■ AIM OF THE EXERCISE
Using the listing below, copy exactly each line from the one that has "개막식 오프닝은 민통선" through the one that has "当前位置: 91家纺网 >"; omit the pictures.

======== DATA EXCERPTS ========

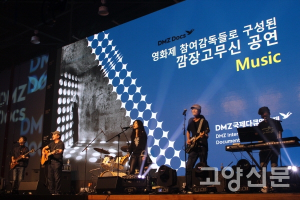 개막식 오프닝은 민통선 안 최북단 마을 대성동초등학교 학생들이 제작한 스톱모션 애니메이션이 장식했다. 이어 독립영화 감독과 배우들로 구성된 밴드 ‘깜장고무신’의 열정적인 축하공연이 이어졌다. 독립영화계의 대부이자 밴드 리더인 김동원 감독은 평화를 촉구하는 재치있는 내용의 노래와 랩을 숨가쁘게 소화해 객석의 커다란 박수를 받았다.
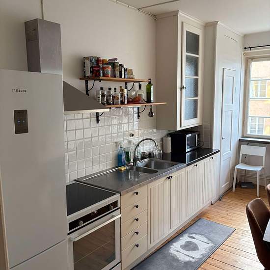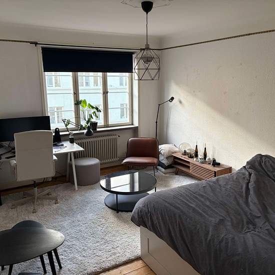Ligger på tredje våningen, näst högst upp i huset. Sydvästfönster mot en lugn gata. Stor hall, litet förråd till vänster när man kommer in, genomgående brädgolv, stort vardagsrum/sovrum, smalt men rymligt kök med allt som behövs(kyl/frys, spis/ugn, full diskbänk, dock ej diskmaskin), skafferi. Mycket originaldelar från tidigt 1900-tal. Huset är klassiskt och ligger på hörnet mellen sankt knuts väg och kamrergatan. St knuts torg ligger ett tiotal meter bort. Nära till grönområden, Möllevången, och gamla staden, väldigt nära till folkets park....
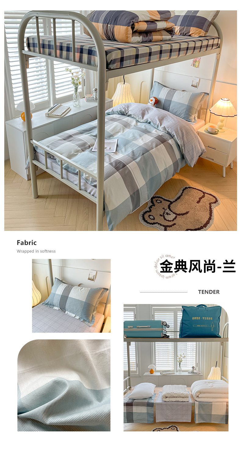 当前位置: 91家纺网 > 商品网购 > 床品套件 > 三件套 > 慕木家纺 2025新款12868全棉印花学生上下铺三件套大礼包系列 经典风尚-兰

========
======== DATA EXCERPTS ========

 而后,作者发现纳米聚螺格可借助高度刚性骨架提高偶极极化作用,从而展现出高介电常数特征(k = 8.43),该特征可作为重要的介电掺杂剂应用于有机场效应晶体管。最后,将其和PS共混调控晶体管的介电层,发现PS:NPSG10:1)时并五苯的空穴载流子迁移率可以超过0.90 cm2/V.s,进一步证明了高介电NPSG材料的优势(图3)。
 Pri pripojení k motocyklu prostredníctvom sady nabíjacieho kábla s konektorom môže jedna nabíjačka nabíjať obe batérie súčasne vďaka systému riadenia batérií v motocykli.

========

■ ANSWER SPACE
 개막식 오프닝은 민통선 안 최북단 마을 대성동초등학교 학생들이 제작한 스톱모션 애니메이션이 장식했다. 이어 독립영화 감독과 배우들로 구성된 밴드 ‘깜장고무신’의 열정적인 축하공연이 이어졌다. 독립영화계의 대부이자 밴드 리더인 김동원 감독은 평화를 촉구하는 재치있는 내용의 노래와 랩을 숨가쁘게 소화해 객석의 커다란 박수를 받았다.
Ligger på tredje våningen, näst högst upp i huset. Sydvästfönster mot en lugn gata. Stor hall, litet förråd till vänster när man kommer in, genomgående brädgolv, stort vardagsrum/sovrum, smalt men rymligt kök med allt som behövs(kyl/frys, spis/ugn, full diskbänk, dock ej diskmaskin), skafferi. Mycket originaldelar från tidigt 1900-tal. Huset är klassiskt och ligger på hörnet mellen sankt knuts väg och kamrergatan. St knuts torg ligger ett tiotal meter bort. Nära till grönområden, Möllevången, och gamla staden, väldigt nära till folkets park....
 当前位置: 91家纺网 > 商品网购 > 床品套件 > 三件套 > 慕木家纺 2025新款12868全棉印花学生上下铺三件套大礼包系列 经典风尚-兰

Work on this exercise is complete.